Leaving out all pictures, reproduce the entries below exactly, from the first line through the line that contains "Säljer pga flytt en snygg grå puff från Mio.".

(Entries taken from a collection)
+ + + +

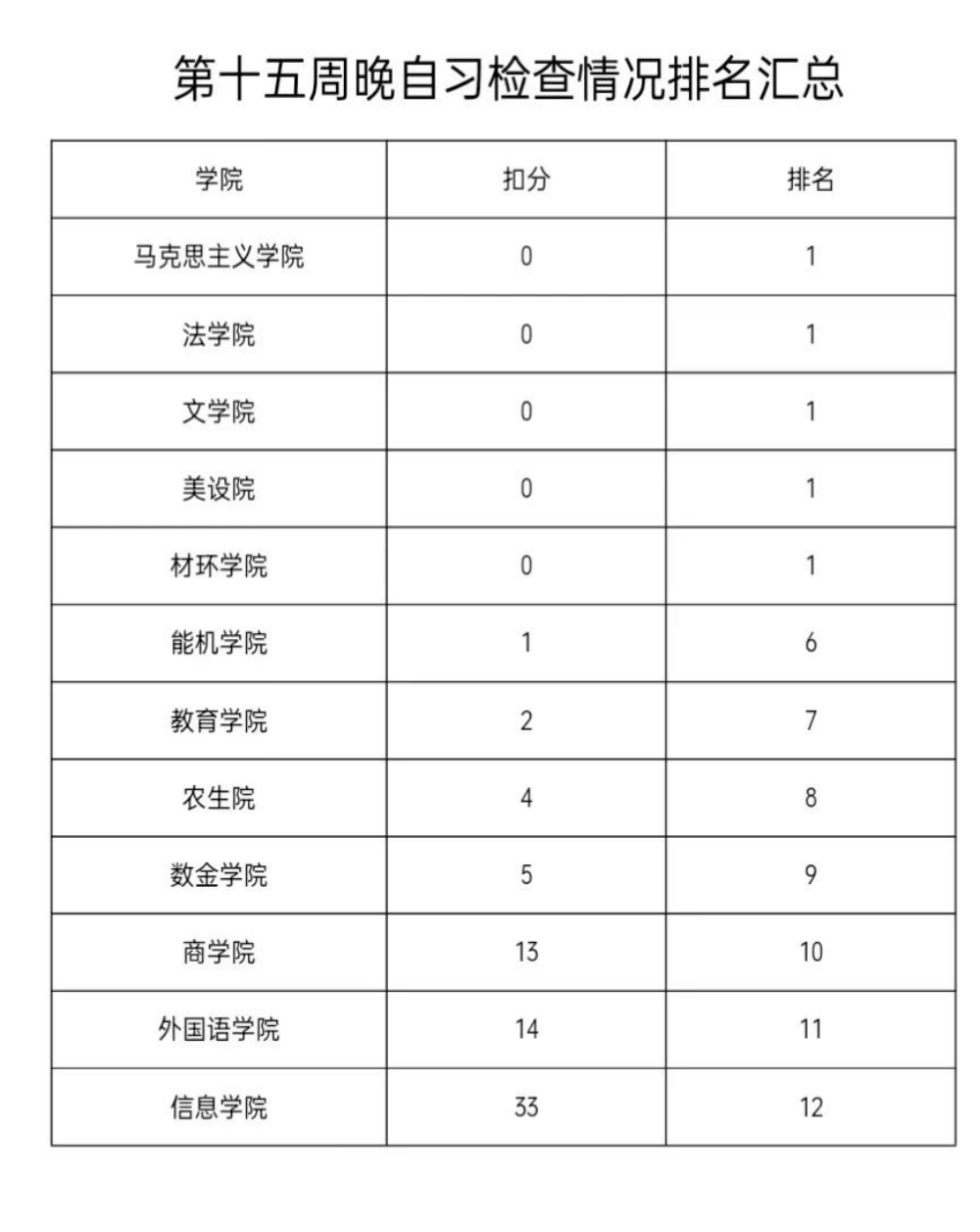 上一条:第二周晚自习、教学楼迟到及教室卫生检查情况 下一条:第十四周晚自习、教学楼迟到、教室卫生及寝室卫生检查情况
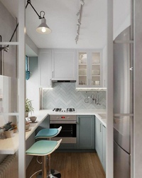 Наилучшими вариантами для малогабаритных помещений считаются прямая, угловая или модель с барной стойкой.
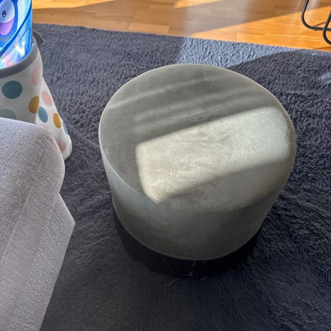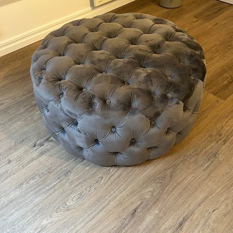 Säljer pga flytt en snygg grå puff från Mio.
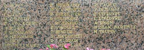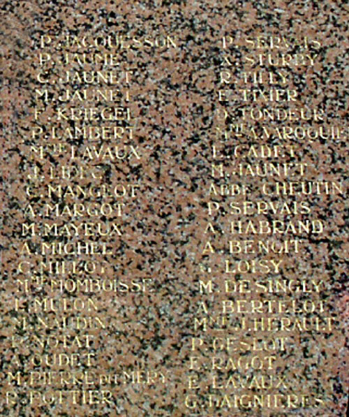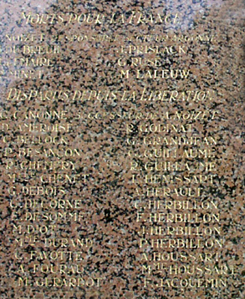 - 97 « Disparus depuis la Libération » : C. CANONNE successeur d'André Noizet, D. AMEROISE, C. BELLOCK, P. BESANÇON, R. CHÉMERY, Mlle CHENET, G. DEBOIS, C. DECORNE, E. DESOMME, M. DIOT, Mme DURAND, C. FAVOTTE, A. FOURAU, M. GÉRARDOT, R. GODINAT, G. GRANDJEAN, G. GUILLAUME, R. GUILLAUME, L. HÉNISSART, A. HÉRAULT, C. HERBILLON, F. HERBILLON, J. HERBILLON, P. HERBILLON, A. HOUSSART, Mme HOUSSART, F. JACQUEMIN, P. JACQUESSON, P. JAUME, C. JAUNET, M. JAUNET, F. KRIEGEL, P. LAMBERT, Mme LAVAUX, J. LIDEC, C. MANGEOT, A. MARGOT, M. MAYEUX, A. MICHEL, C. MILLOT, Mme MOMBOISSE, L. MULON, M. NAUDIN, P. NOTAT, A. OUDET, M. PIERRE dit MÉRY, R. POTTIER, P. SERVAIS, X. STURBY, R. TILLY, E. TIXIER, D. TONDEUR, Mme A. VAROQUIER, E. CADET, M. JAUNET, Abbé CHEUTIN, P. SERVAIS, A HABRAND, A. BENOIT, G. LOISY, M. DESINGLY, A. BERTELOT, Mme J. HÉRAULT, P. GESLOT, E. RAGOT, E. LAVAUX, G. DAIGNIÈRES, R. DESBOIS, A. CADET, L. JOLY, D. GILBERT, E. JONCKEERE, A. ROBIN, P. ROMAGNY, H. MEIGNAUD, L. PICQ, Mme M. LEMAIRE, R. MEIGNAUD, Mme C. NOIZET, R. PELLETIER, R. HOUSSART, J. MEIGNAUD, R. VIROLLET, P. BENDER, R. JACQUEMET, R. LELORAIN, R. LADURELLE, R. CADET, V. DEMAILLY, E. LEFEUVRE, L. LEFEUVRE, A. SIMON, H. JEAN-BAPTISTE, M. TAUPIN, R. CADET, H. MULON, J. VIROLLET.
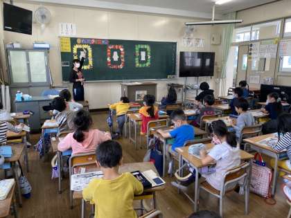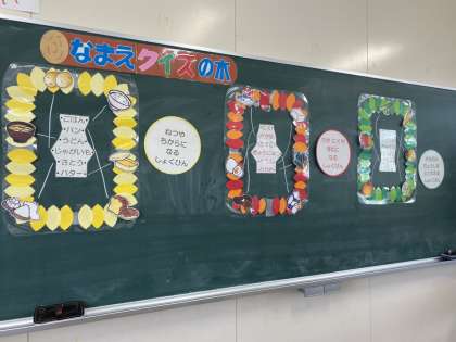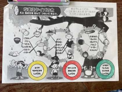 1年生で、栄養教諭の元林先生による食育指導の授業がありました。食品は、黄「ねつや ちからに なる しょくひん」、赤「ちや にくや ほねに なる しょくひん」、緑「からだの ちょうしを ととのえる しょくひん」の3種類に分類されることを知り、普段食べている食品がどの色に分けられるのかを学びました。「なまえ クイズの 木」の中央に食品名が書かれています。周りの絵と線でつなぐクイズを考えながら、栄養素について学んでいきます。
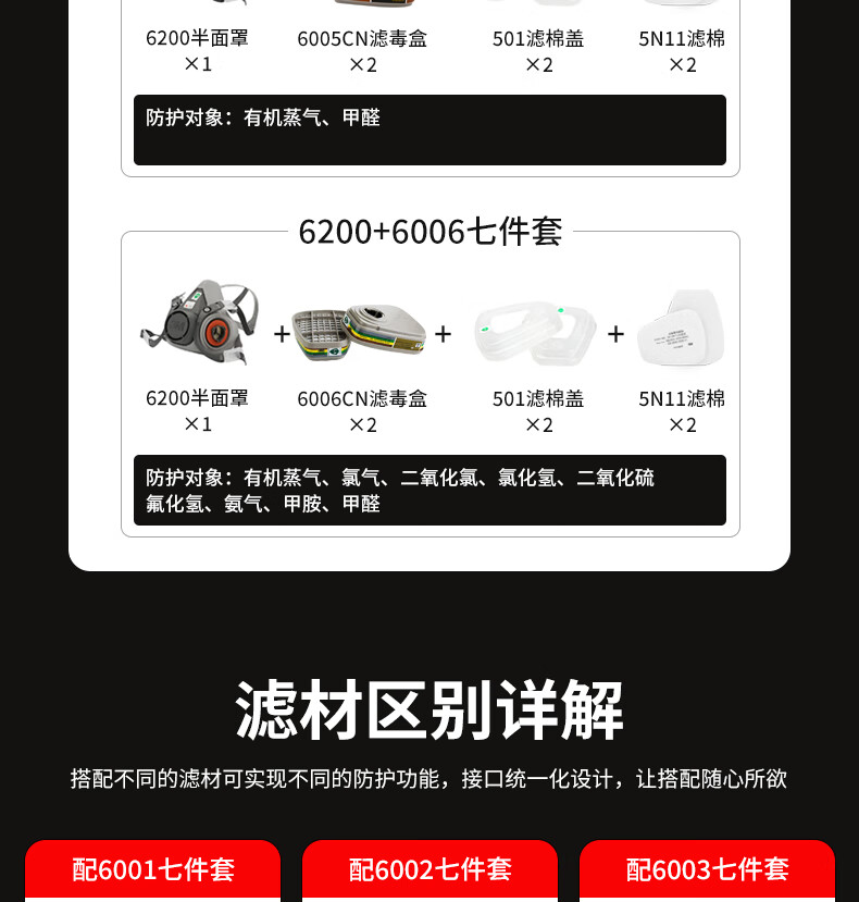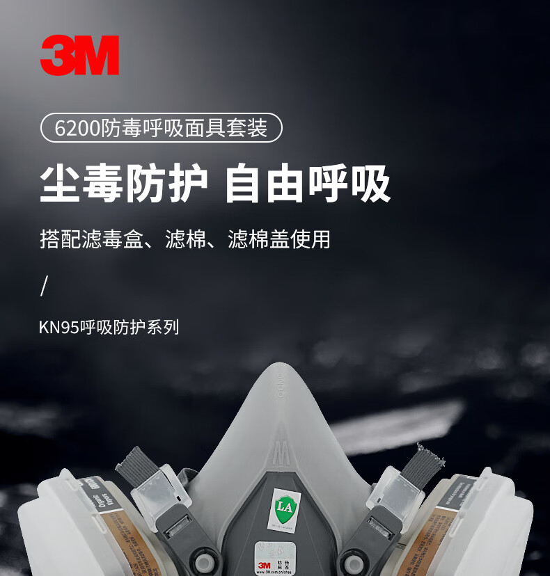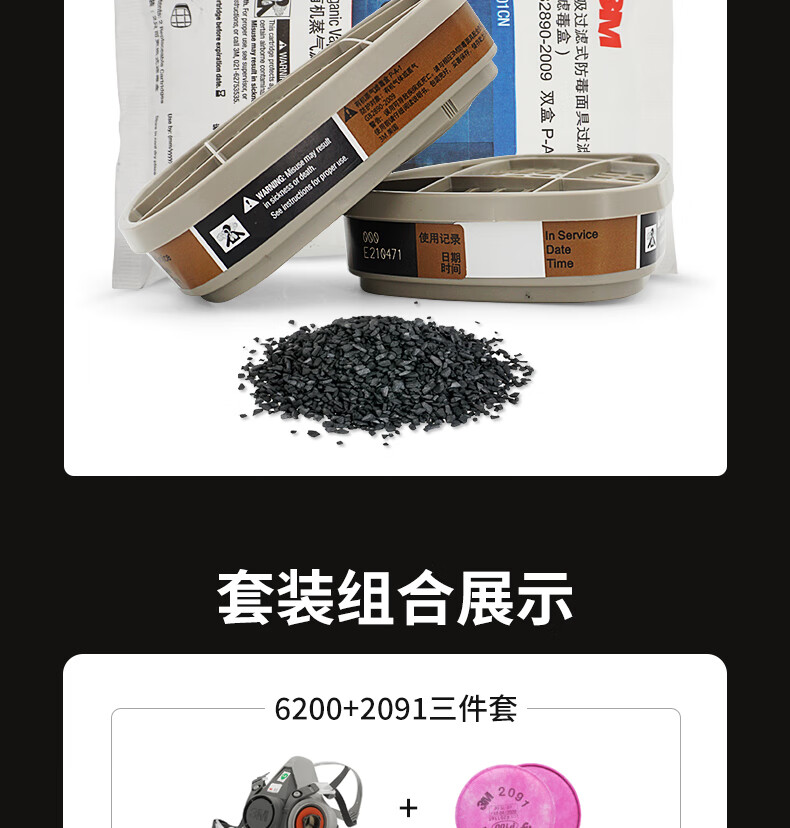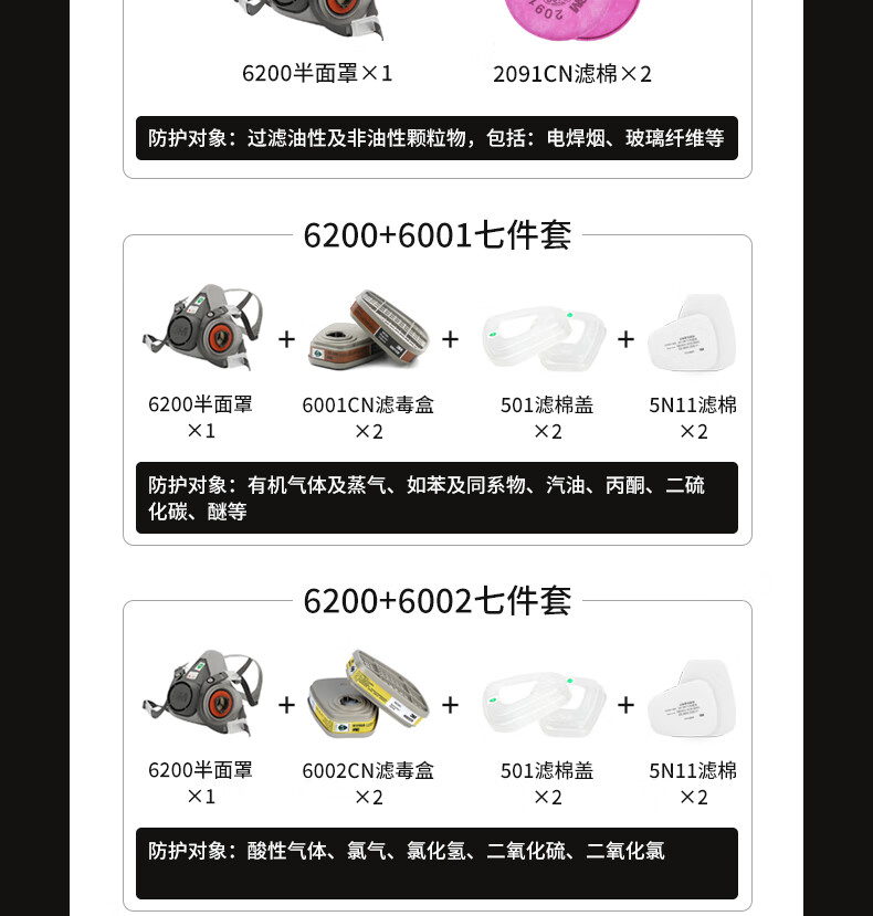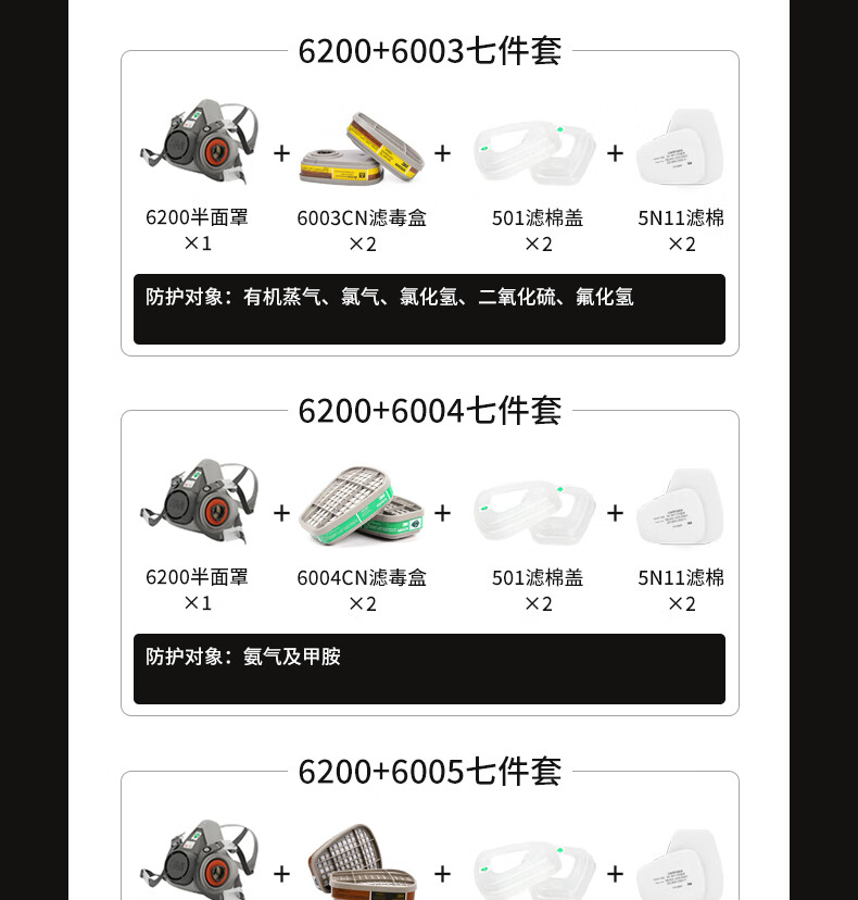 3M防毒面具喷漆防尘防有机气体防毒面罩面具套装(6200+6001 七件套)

+ + + +

▸ Expected answer
 上一条:第二周晚自习、教学楼迟到及教室卫生检查情况 下一条:第十四周晚自习、教学楼迟到、教室卫生及寝室卫生检查情况
 Наилучшими вариантами для малогабаритных помещений считаются прямая, угловая или модель с барной стойкой.
 Säljer pga flytt en snygg grå puff från Mio.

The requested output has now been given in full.